The Supreme Court has explained that "The FAA contains no express pre-emptive provision, nor does it reflect a congressional intent to occupy the entire field of arbitration. But even when Congress has not completely displaced state regulation in an area, state law may nonetheless be pre-empted to the extent that it actually conflicts with federal law ..." Volt Info. Sciences, Inc. v. Board of Trustees of Leland Stanford Junior Univ., 489 U.S. 468, 477 (1989). Indeed, the final phrase of § 2 of the FAA allows an arbitration agreement to be found unenforceable "upon such grounds as exist at law or in equity for the revocation of any contract." 9 U.S.C. § 2. "This saving clause permits agreements to arbitrate to be invalidated by 'generally applicable contract defenses, such as fraud, duress, or unconscionability,' but not by defenses that apply only to arbitration or that derive their meaning from the fact that an agreement to arbitrate is at issue." AT&T Mobility, LLC v. Concepcion, 131 S. Ct. 1740, 1746 (2010) (citing Doctor's Associates, Inc. v. Casarotto, 517 U.S. 681, 687 (1996)). The Supreme Court has also explained that a state law will be preempted by the FAA where the state law rule "stand[s] as an obstacle to the accomplishment of the FAA's objectives." Id. at 1747-48. In summary,
the Supreme Court has held that the FAA preempts state laws and polices regarding arbitration. State contract law, however, governs in determining whether the arbitration clause itself was validly obtained, provided the contract law applied is general and not specific to arbitration clauses.Fazio, 340 F.3d at 392-93 (citation omitted).
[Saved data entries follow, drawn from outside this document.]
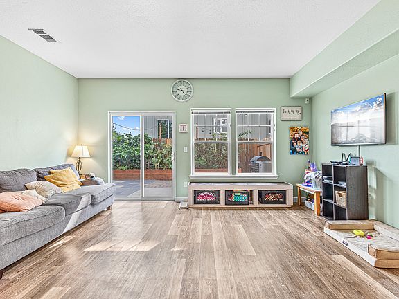 This Beautiful end unit townhome is move in ready!! The spacious open floor plan offers over 1525 sqft with 3 bedrooms and 2.5 bathrooms. New flooring installed downstairs along with a fresh coat of paint throughout the entire home. Downstairs bathroom has a cute feature wall, while the upstairs main bathroom has been fully remodeled with custom countertop and groutable vinyl tile. The master bedroom has two large closets and double vanity sinks. Laundry is located upstairs along with an oversized linen closet. The slider leads to a fully paved and fenced backyard oasis with raised garden beds. Side yard completely graveled and partially fenced with potential room for a storage shed. HOA covers water, sewer and front yard landscaping.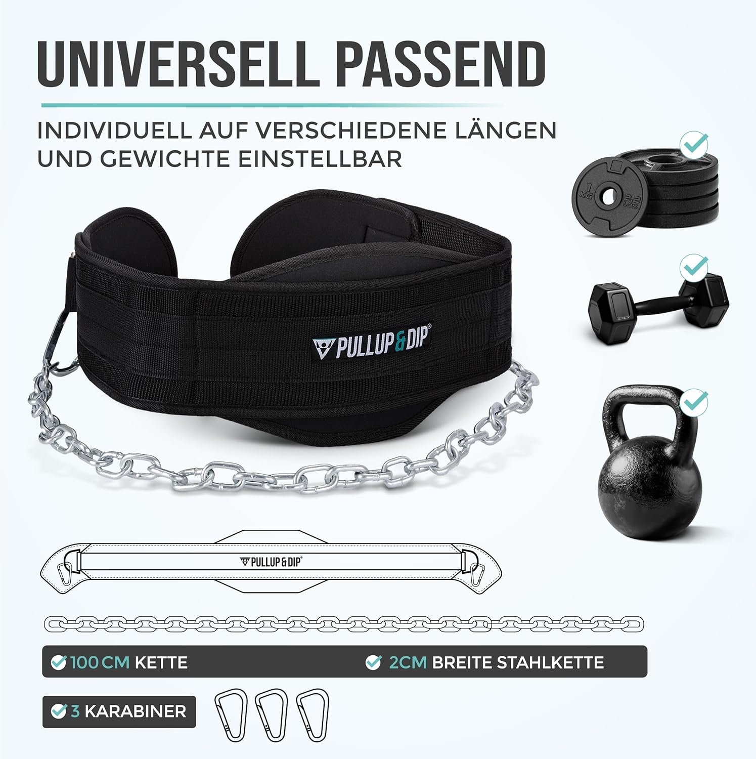 With steel chain + 3 carabiners: Included is a 100 cm long and 2 cm wide, chrome-plated chain made of high-quality steel and three carabiners. The weightlifting belt can therefore be individually adjusted to different lengths and weights. The chain is suitable for all standard weight plates. Thanks to the three carabiners and the chain links, the pull-up belt can be adjusted for any waist size and is therefore suitable for both men and women.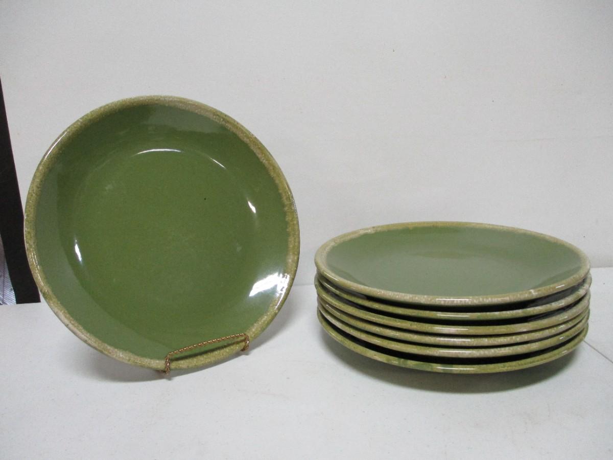 7 Hull Pottery Avocado Green Oven Proof Plates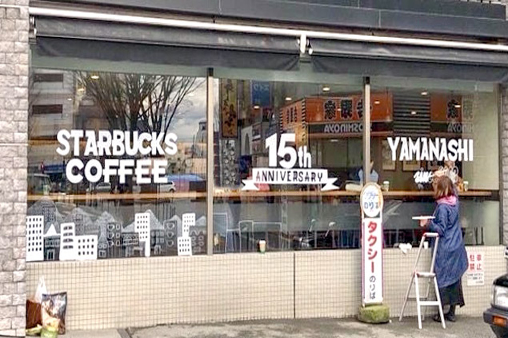 某コーヒーチェーンの15周年アニバーサリーのガラスペイントでは、3面ガラスに描くという“はじめて”を体験。特定の誰かではなく、道行く不特定多数の人に見てもらえる喜びを味わいました。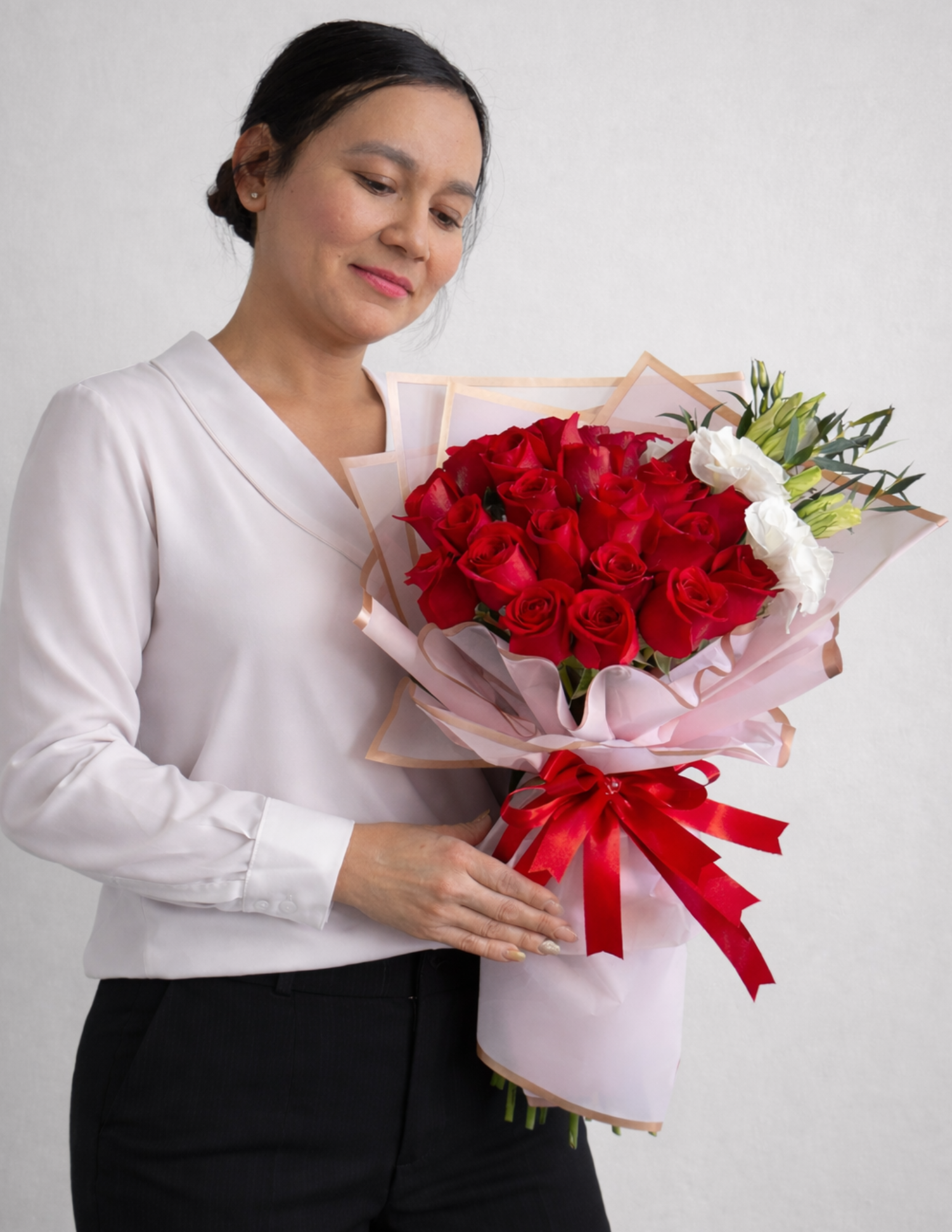 Carlota es un hermoso ramo de 24 rosas rojas con un fino toque de lisianthus, que aporta frescura y delicadeza al diseño. Representa un amor elegante y sincero, ideal para sorprender con buen gusto en este San Valentín.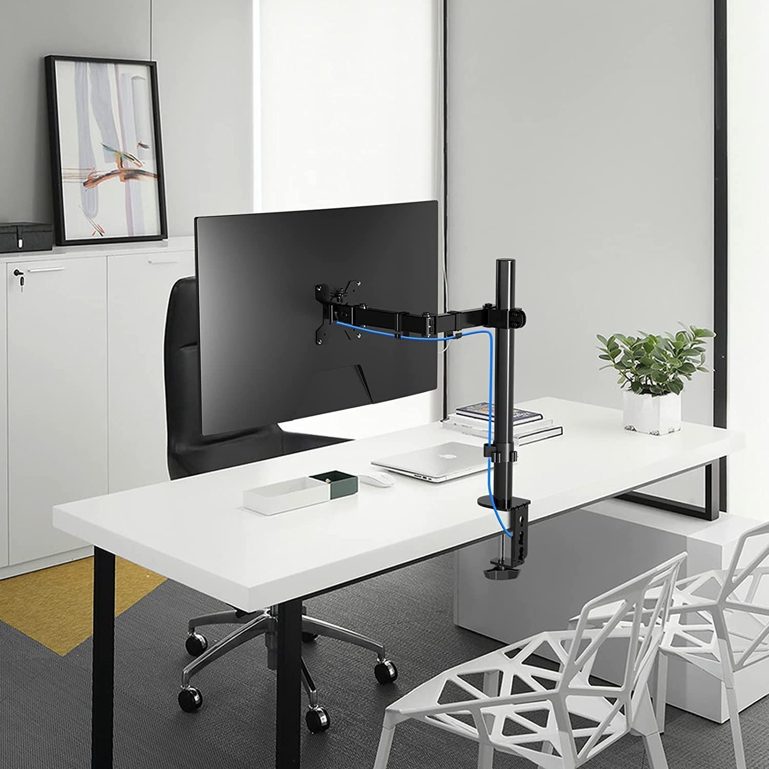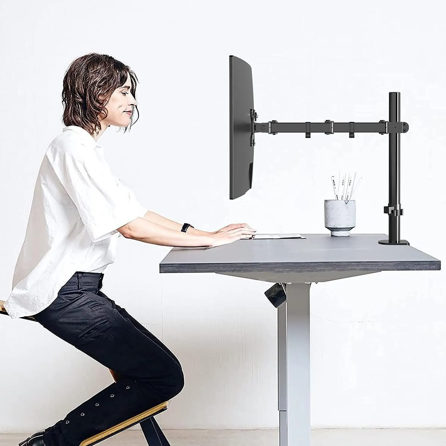 【猫背対策】こんなお悩みありませんか?モニター位置が低く、姿勢が悪く、肩こりや腰痛が起こる?このモニターアームはいろんな角度を調整できて自由度は高いです。さらに、立てで仕事もできます。角度や距離などが自分に合わせるにして、背や首の疲れをリラックスします。活動範囲が広くて便利です。どんな姿勢でも液晶画面が見れて、目の疲れを軽減でき、作業効率が上がります。 5.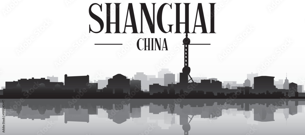 Black and white panoramic poster of the city skyline with misty background buildings and water reflection of SHANGHAI, CHINA #1918240640

In the present case, Defendant has failed to explain how the MVSFA conflicts with the FAA. It is clear that the statute itself applies to all contracts generally. See Lozada, 197 F.R.D. 321 (applying MVSFA to find a separate addendum to a retail sales installment contract was unenforceable because it was not contained in the contract); Davis v. LaFontaine Motors, Inc., 271 Mich. App. 68 (following the reasoning in Pack and holding that a separate warranty disclaimer did not violate the MVSFA and other Michigan statutes where the claims alleged did not arise under the retail installment sales contract). Further, there is no language in the MVSFA that is directed at agreements to arbitrate specifically.
Defendant's argument that the Court should find the arbitration clause enforceable solely because of the federal preference given to arbitration ignores the fact that the first inquiry a court must make is whether, pursuant to state law, an agreement to arbitrate was ever formed. Here, where a plaintiff seeks to challenge the subject matter of the retail installment sales contract, the MVSFA operates to invalidate the stand alone Arbitration Agreement. Therefore it follows that where there is no valid arbitration agreement, there can be no federal preference to compel its enforcement. As a result, the Court finds, at this stage of the proceedings, that the MVSFA is not preempted by the FAA.
IV. CONCLUSION
For these reasons, the Court DENIES Defendant's Motion to Dismiss Plaintiff's Class Action Claims. (Dkt. No. 28). SO ORDERED.
__________
PAUL D. BORMAN
UNITED STATES DISTRICT JUDGE
CERTIFICATE OF SERVICE
The undersigned certifies that a copy of the foregoing order was served upon each attorney or party of record herein by electronic means or first class U.S. mail on January 3, 2014.